National's policy of worktesting mothers when their youngest child is 5 (or 1 if the child has been added to the benefit) better represents a reduction in the availability of benefits. ACT should have (and may have) pushed for the age to be lower, afterall they have extracted the promise that parents on benefits must ensure their children participate in approved early childhood education once their child reaches three years of age. Or time limits which was always part of their policy in the past.

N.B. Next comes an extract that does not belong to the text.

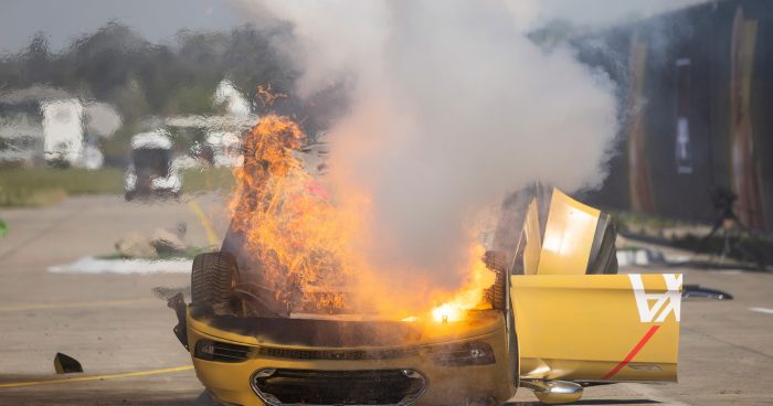 Para ejemplificarlo, llevó a cabo una demostración que no tardó en hacerse viral. En ella, se lanzó un Tesla por una rampa para que volcase y, tras pasar unos cuantos segundos, comenzó un fuego en sus bajos.

Between them there is still no resolve to actually stop the welfare incentives that give New Zealand the second highest teen birthrate in the developed world.

3 comments:

Anonymous said...

We are paying solo parents to stay home and look after their children and paying for childcare. Early childhood education is not rocket science. If they are not capable of reading to their children, teaching them how to count and use scissors, then surely they are not capable of parenting their children?

Anonymous said...

The most important "concession" for welfare- and for everything else, is the spending cap. We have an aging population; health costs in real terms increase at about 5% above inflation every year (new drugs & equiptment); and are facing a Euro & US meltdown that's already going to cost Treasury another 20 BILLION next year.

That's what will drive welfare rates down, and bludgers off the rolls.

There are only two real welfare reforms possible"
1. reduce the about paid in nominal terms
2. reduce the absolute number on welfare.

Anonymous said...

The government has GOT to change the benefit system to make it clear
that there is a threshold. I would put it at three children.

If you have more than that, you're on your own. It's up to you.
Don't expect the taxpayer to support your efforts to breed enough children for a cricket team.

If the government doesn't do that, then everything else is just pissing in the wind.